As I said, forbidding ".." from anywhere in *any* path in a HPC-profiled JSDL document would be reasonable, and forbidding interoperable jobs from doing a chdir() or equivalent at all is also reasonable (in both cases, if people do those things then we can say that we don't define what happens; it's up to vendors, with faulting being a nice strategy). Also, using drive letter mappings for JSDL virtual paths on Windows is a perfectly reasonable implementation strategy (but not something we should mandate at either specification or profile level, of course). Looks to me like we're in 100% agreement on this.
[MARVIN] Yes, but these references don't require the BES service to parse the mountpoint and mountsource elements or do something like execute a stat operation on the mountpoint to confirm that it properly exists. Excluding these elements from the HPC profile base case doesn't mean that an implicitly required mountpoint doesn't exist, merely that the compliant (BES) service is allowed to be oblivious to it.
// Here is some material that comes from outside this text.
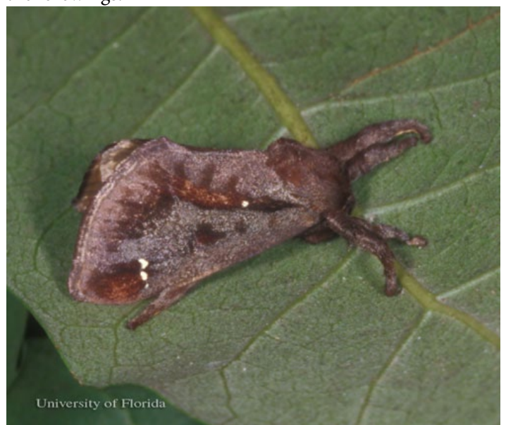
Figure 3. Adult stage of the saddleback caterpillar, Acharia stimulea (Clemens), showing the white dots on the wings.

Acharia stimulea adults are glossy dark brown in color with black shading. Dense scales are present on the body and wings, giving it a furry appearance. Wing span ranges from 26–43 mm (1.0–1.7 in), with females typically larger in size than males. A single white dot is present near the forewing base. Near the forewing apex, one to three additional white dots are present. The hind wings will be a paler brown than the forewings.

The best way forward is probably to just define a small set of VFSes that should/must be supported. That will scope the interop problem nicely. I think (based on UNICORE experience) that the key locations for a job are: Working Directory - main place for the job to work; may be isolated from other jobs (though that's really a quality-of-service feature that will be good for some jobs, bad for others, and neutral for the rest) Fast Local Temporary Directory - basically /tmp on Unix; need not be shared across a cluster; no isolation guarantees Large Temporary Directory - place for things like staged in BLAST databases, intermediate weather model dumps, etc. Should be shared across the cluster, should have a longer-term delete policy than /tmp if different from it. May be the same as FLTD; no isolation guarantees User's Home Directory - for application settings, definitely long term persistence (backups strongly recommended!) but might not permit very large files. Definitely possible to access outside the scope of the job. Need not be isolated from other jobs, and isolation from other users is dependent on user and site policy. In theory, all could be the same directory, but that would be very odd. All those FSes should have standardized names, and we should state that profile-compliant jobs will not refer to any other filesystem. (And that punts loads of complexity right out of the ballpark!) (Any features of the above FS types I've missed anyone? Any preferred names? I'm happy to call them John, Paul, George and Ringo, but that might be confusing to others...)
[MARVIN] I think the HPC profile should say that specifying ROOT will result in undefined behavior: the compliant service is free to accept the specification, ignore it, or raise a fault. Similarly, if an activity is created then it must be prepared for undefined behavior if it tries to use ROOT in a file name that it opens.
Since I've not put ROOT in the basic set above, I'd argue that if the job refers to ROOT, it's not in the space that should be defined by the HPC profile. And so we don't need to solve the problem of how to handle it on multi-rooted operating systems. :-) Donal.